Apologies for the long post. I am very new to pytorch. And really confused about crossentropy loss and nll loss in pytorch.
I am trying to use softmax on a sequence to sequence problem. I have targets of two types. First target has number of tokens of 13 and second one has 100. The model has two outputs and i am computing loss for each type and sum them. I have the model output shape [seq_length, number of tokens, embedding dim]
and output shape as [seq_length, number of tokens]
. For nll_loss i am using log softmax in output dimension 1 then passing output to loss function by transposing last two dimensions like [seq_length, number of tokens, embedding dim]
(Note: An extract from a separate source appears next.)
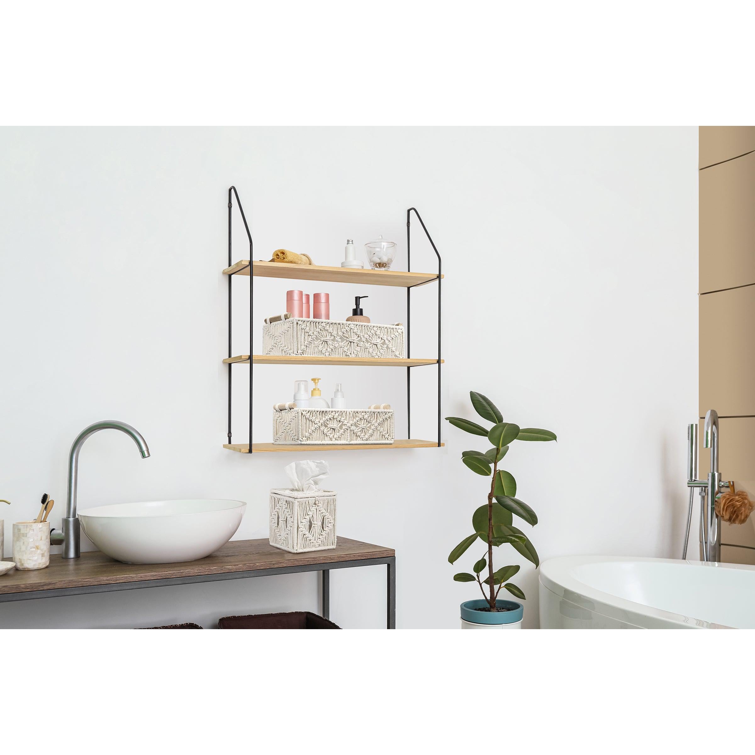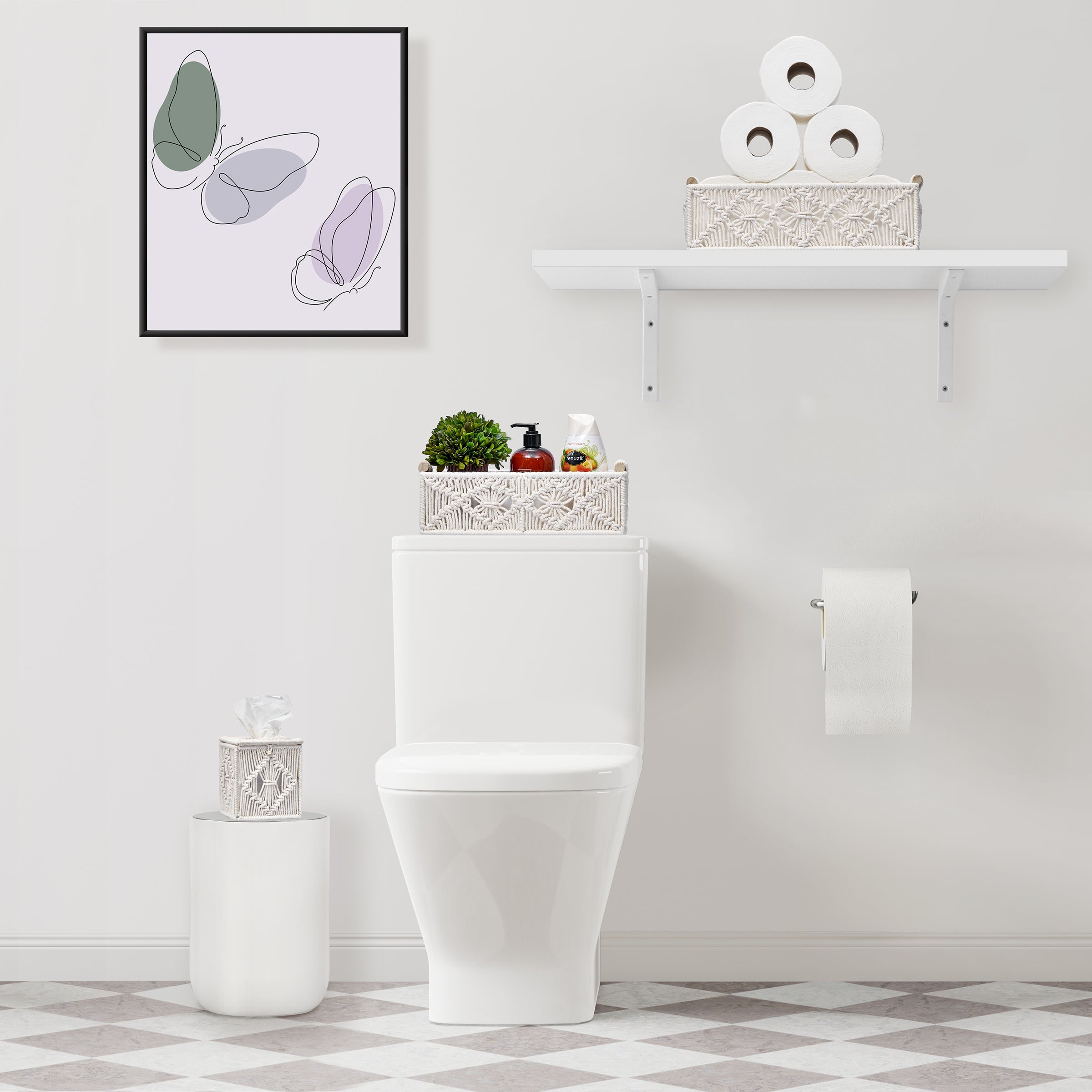 The Sorbus Macrame Bathroom Set is the perfect solution for keeping all your bathroom essentials organized. This set includes two lined storage baskets and one tissue holder, each featuring a paper role material and bohemian design. The compact design of the rectangular baskets allows them to fit perfectly on top of toilet tanks for easy bathroom organization. You can use them to organize washcloths, hand towels, toilet paper rolls, skincare, toiletries, hair accessories, makeup, bath products, and more. This matching set is the perfect way to complete your bathroom and organize your go-to items.

. Also in crossentropy i am passing raw logits of shape [seq_length, number of tokens]
. But each case loss just fluctuates and does not decrease. What I am doing wrong here.
A short description of full process is as follows.
Inputs are a sequence of tuples like [(1,15), (2,27), (13,10)]
. First i one hot encoded each token in each tuple. Then embed them so that first elements of each tuple have shape [10, embed dim]
, then add the two tensors of each tuple to create one embedding for each tuple. finally stack these to create the input of shape [3, 110, embed dim]
And the two output logits have shape [3, 10, embedding dim]
and [3, 100, embedding dim]
. And if the target is ([2,27), (12,10), (5, 90)]
. They are onehot encoded separately so the target 1 has shape [3, 10]
and target shape is [3,100]'